Так как в бараке ежедневно умирают дистрофики, у нас всегда есть небольшой излишек похлебки. Его делят между собой блоковой, писарь, врач и парикмахер-испанец. Блокперсонал здесь питается отдельно от больных, и я вначале не понимаю причин такой жадности. Вскоре, однако, я вижу, что блоковой отдает свою долю старичку-санитару, парикмахер-испанец через уборщиков выменивает колбасу у больных (миска брюквы кажется все-таки сытнее), а писарь и врач украдкой кое-кого подкармливают.

Я, как и остальные уборщики, получаю в обед рабочую порцию — три четверти литра, больным полагается только пол-литра. Я не наедаюсь, я по-прежнему постоянно голоден, но меня мучает совесть, что я ем побольше, чем мой старый товарищ Лешка Толкачев, лежащий на койке: в зондерблоке мы делили пополам каждую лишнюю кроху еды.

Однажды после обеда в судомойку заходит писарь и велит мне отнести миску супа французскому инженеру, с которым прежде я вместе лежал.

— Вы разве знакомы с ним? — спрашиваю я.
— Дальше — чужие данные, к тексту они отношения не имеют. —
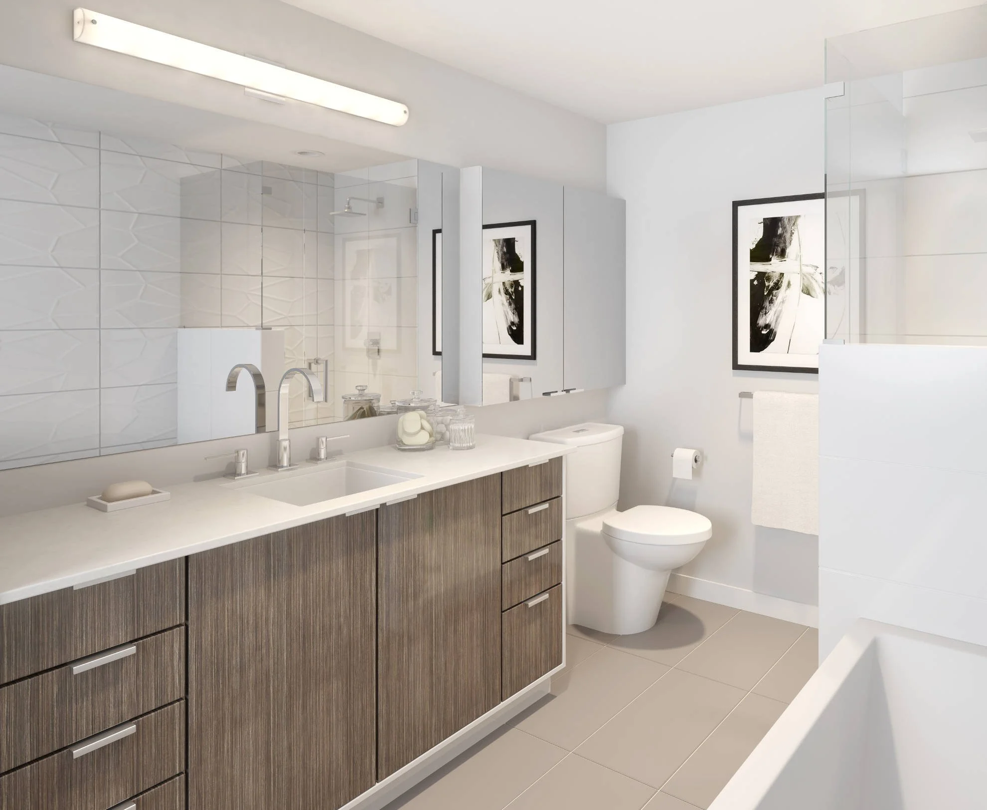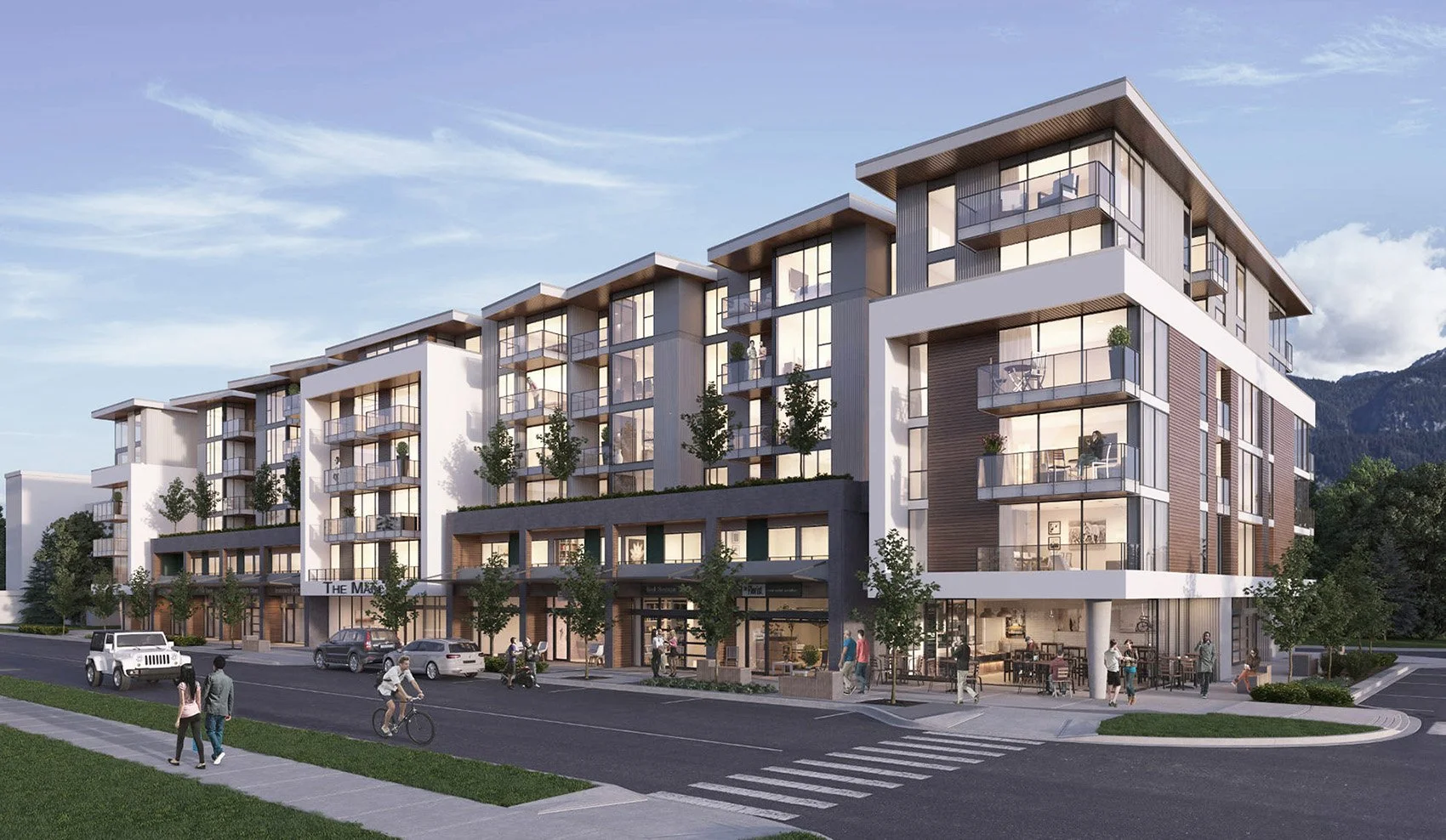 Five stories of residential construction include a combination of one-bedroom, two-bedroom and two-bedroom plus den suites. Each unit has its own balcony, while most units also include an interior storage room or “flex” space. The building exteriors are articulated as separate volumes in order to divide the length of the building into smaller masses and relate to the scale of a typical city block in downtown Squamish.

Писарь хмуро сдвигает брови.

— Привыкай не задавать глупых вопросов. — Он, как и большинство поляков старшего возраста, сносно говорит по-русски. — Иди скоро.

Дня два спустя он дает мне новое поручение: я отношу похлебку политзаключенному немцу, прибывшему из Бухенвальда.

В третий раз, доставив миску брюквы одному незнакомому мне русскому, я осмеливаюсь поговорить с писарем насчет Толкачева.

— Это мой коллега, — говорю я. — Нельзя ли немного помочь ему?

— Какой нумер? — мрачновато справляется писарь.

Я колеблюсь, но все же называю номер Толкачева. Писарь уходит в свою комнатушку и через несколько минут возвращается.

— Завтра достанешь зупа для своего друга.

То есть завтра я получу миску супа для Толкачева… «Интересный человек этот писарь, — думаю я. — Кто он — коммунист?»

Теперь я каждый день по его заданию подкармливаю то одного, то другого больного. Писарь, как и раньше, не вступает со мной в объяснения: просто сунет миску, пробурчит, кому отнести, и все. Я, в свою очередь, стараюсь не задавать ему «глупых» вопросов.

Раз он будит меня, когда в бараке еще темно. Я быстро одеваюсь и иду за ним в судомойку.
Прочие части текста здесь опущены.